Pour un jeune réalisateur, l’exercice du deuxième film est périlleux. Il y a quatre ans, Jérôme Bonnell signait, à tout juste 23 ans, un premier film sensible et gracieux, épatant de maturité : Le Chignon d’Olga, chronique douce-amère de la reconstruction d’une famille après le décès de la mère. Les Yeux clairs est, tant dans la forme que dans le fond, beaucoup plus ambitieux que son prédécesseur. Le film est entièrement construit autour de Fanny (Nathalie Boutefeu), jeune femme décalée dont la folie douce a du mal à s’adapter au monde un peu trop cartésien dans lequel elle est obligée de vivre. Fanny entend des voix, se planque dans les placards pour effrayer ses proches et raconte des horreurs aux enfants du village.
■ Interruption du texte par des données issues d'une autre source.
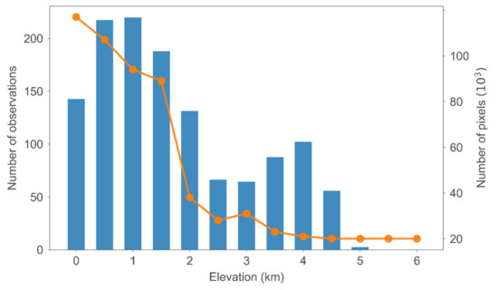 Number of observations and pixels in each elevation bin in Southwest China. The blue histogram denotes the number of observations, and the orange line denotes the number of pixels.

Elle vit chez son frère (Marc Citti), qui l’adore, et sa belle-sœur (Judith Remy), avec laquelle la communication semble impossible. La cohabitation basculant progressivement dans l’incompréhension, Fanny décide de fuir. En chemin, perdue dans les bois, elle va faire la connaissance d’un étrange inconnu…
D’emblée, le ton est donné. Fanny est un personnage de conte de fées, avec ses codes et ses passages obligés : le gentil frère, la méchante belle-sœur, la forêt, l’inconnu dans sa cabane… Par bonheur, Jérôme Bonnell manie les symboles avec précaution et, surtout, ne fait pas de Fanny une héroïne passive. Le film, entièrement construit autour de ce personnage excentrique et attachant, est scindé en deux parties bien distinctes avec, pour seuls fils conducteurs, Fanny et sa détermination à vivre, comprendre et surtout, ressentir.
La première moitié du film, drôle et lunaire, nous entraîne dans un monde où le rire n’est jamais loin de l’hystérie, où le burlesque des situations est étiré jusqu’à la rupture, jusqu’au malaise. Affreuse sorcière ou joli petit elfe, Fanny navigue entre le grave et le léger. Nathalie Boutefeu n’évite pas toujours la caricature dans la représentation de la folie mais réussit à rendre avec force les contradictions de son personnage. Dommage que la relation ambiguë qui lie Fanny à son frère ne soit pas plus développée, d’autant plus que Marc Citti, dans un rôle sous-exploité, apporte un réalisme qui fait un peu défaut au film : le personnage de Fanny est bien plus intéressant quand il est confronté au quotidien de ses proches et par extension, au nôtre.
Lorsque, après une dispute violente avec sa belle-sœur et son frère, Fanny se perd dans la forêt et rencontre un mystérieux étranger, Les Yeux clairs glisse dans un surréalisme inattendu. L’homme (incarné par Lars Rudolph, acteur au physique extraterrestre) ne parle pas français et Fanny ne parle pas allemand. Il répare sa voiture, lui offre un repas et peu à peu, apprivoise la jeune femme. Pari culotté de la part du réalisateur que de rompre avec le rythme du film pour imposer une succession de plans muets dans lesquels les acteurs jouent à tomber amoureux. Cette cassure ne se hisse pas toujours à la hauteur de ses ambitions : si Jérôme Bonnell réussit à porter ses personnages et les comédiens qui les incarnent vers un véritable état de grâce, entre poésie et naturalisme, il frôle aussi parfois la niaiserie contemplative.
La disparition subite des personnages du frère et de la belle-sœur se justifie : Fanny quitte un monde qui n’est pas fait pour elle et intègre un univers qui lui correspond mieux. Mais en abandonnant la tension qui faisait toute la force de sa première partie, le film perd en ambiguïté ce qu’il en gagne en candeur. Jérôme Bonnell n’a pas son pareil pour installer un univers mélancolique, à la limite du fantastique : dommage que de cruel, le conte de fées se fasse plus conventionnel, dans lequel le vilain petit canard s’épanouit au contact d’une bête au cœur de prince.